Ketujuh, jurnalis harus berusaha membuat hal penting menjadi menarik dan relevan
Jurnalisme membuat karya bukan semata untuk keperluan algoritma dan adsense Google. Jurnalisme hadir untuk memproduksi karya yang enak dibaca dan relevan. Bukan semata-mata bombastis dengan judul yang menggoda tapi membodohkan.
Oleh karena itu, media massa melatih para jurnalisnya untuk membuat karya yang menarik. Berita penting dan baru disajikan dengan menarik dalam bentuk narasi yang memikat. Ada penulisan berupa feature untuk mengikat pembaca. Soal ini nantilah lain waktu insya Allah saya tuliskan.
Pendeknya, konten jurnalistik bukan sekadar disajikan begitu saja. Media massa mesti memolesnya sehingga menarik minat publik untuk membaca dan menyaksikannya. Oleh sebab itu, media memberikan porsi bujet untuk peningkatan kualitas karya jurnalistiknya.
Bagaimana mau menemukan angle yang kuat jika kualitas jurnalisnya di bawah rata-rata. Bagaimana hendak menulis feature yang memikat jika tak mampu menemukan diksi yang beragam dari kamus besar.
Agama mengajarkan untuk menyampaikan pesan dakwah dengan cerdas. Itulah sebabnya, satu di antara sifat nabi itu fatanah alias cerdas.
Kedelapan, jurnalis harus membuat berita yang komprehensif dan proporsional
Sejak ada media massa daring, kecenderungan berita yang diunggah makin pendek. Kadang malahan superpendek. Nanti disambung di berita berikutnya sebagai lapisan demi lapisan pembentuk kebenaran dalam karya jurnalistik.
Media massa wajib memberikan informasi yang utuh dan tidak sepotong-sepotong. Media massa mesti kasih berita yang lengkap dan proporsional.

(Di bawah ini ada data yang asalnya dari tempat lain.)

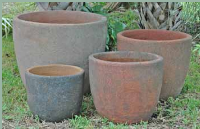
AP-45366-OS (Set of 4)
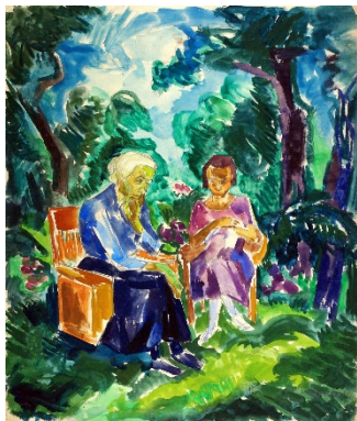
Fritz Schaefer Vera and Mother in the Garden | 1926 Watercolour on paper | 58 x 50 cm
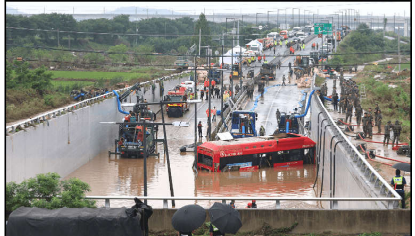
South Korean rescue workers search for missing persons near a bus along a deluged road leading to an underground tunnel where some 15 cars were trapped in flood waters after heavy rains in Cheongju.

fence secretary for four years, helping lead Britain's response to Russia's invasion of Ukraine. "I'm not standing next time," he said in an interview with the newspaper, but ruled out going "prematurely" and forcing another by-election. Sunak is facing three by-elections next week, and opinion polls suggest his Conservative party could lose all of them. A general election must be held in Britain within the next 18 months. The Sunday Times said a cabinet reshuffle was expected in September.
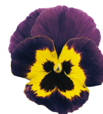
Violet & Gold VW6008R
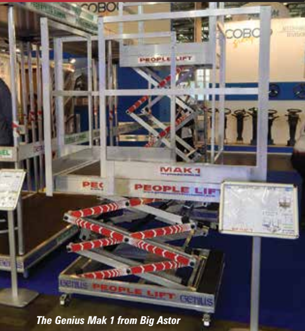
The Genius Mak 1 from Big Astor
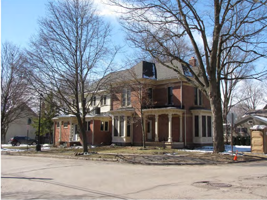
Dunlap West 501_Looking Southwest
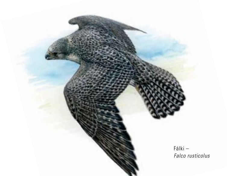
Fálki – Falco rusticolus
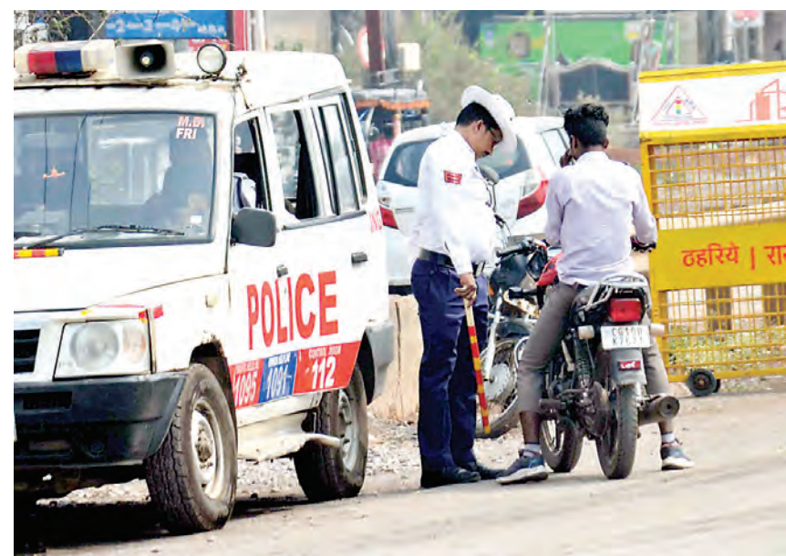
The traffic police is checking vehicle documents of vehicles in outer along with strictness on use of helmets and seat belts while driving, so as to ensure safe driving.
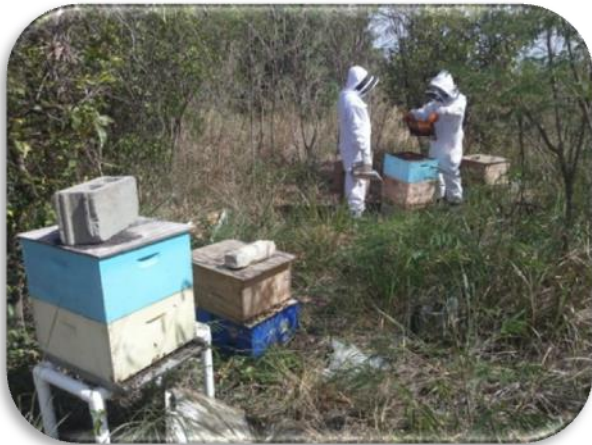
Beekeepers removing swarms & monitoring colonies with new equipment under the projects
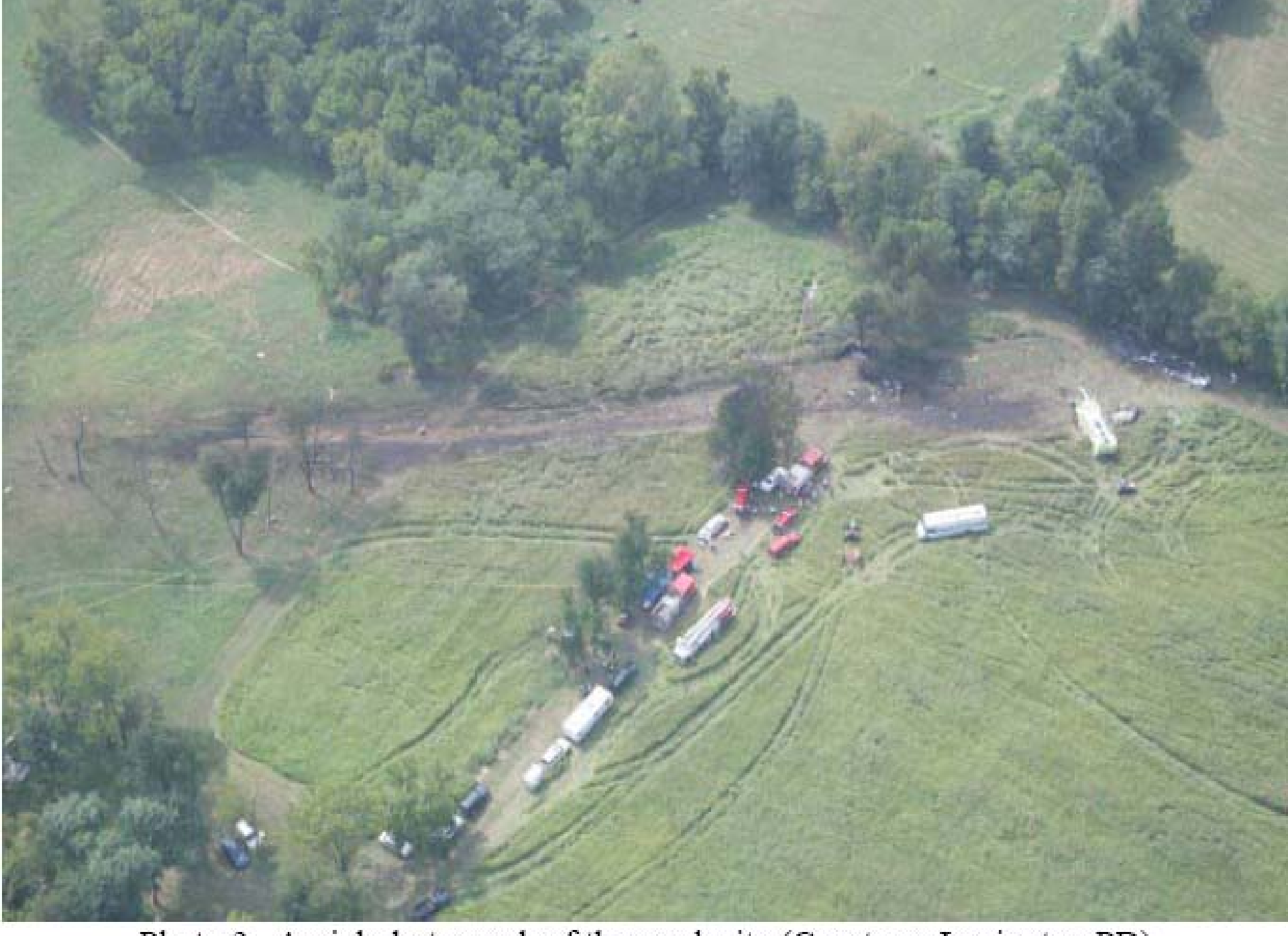
Photo 3. Aerial photograph of the crash site
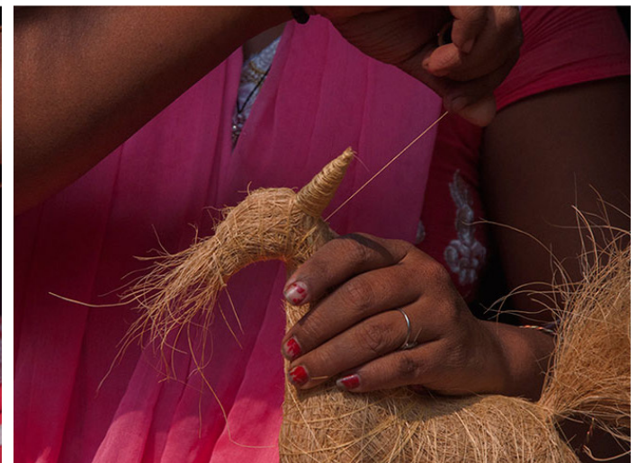
The horn is placed on the head and it is winded.

Berhari-hari ruang televisi dan juga media massa penuh dengan berita Sambo. Elemen masyarakat yang ingin Sambo dihukum mati, banyak kita baca.Â
Orang Indonesia juga punya kecenderungan untuk "membela" Bharada Eliezer. Begitu vonis ringan 1 tahun 6 bulan untuk Eliezer, kebanyakan orang senang. Ya itulah manfaat Eliezer jadi justice collaborator.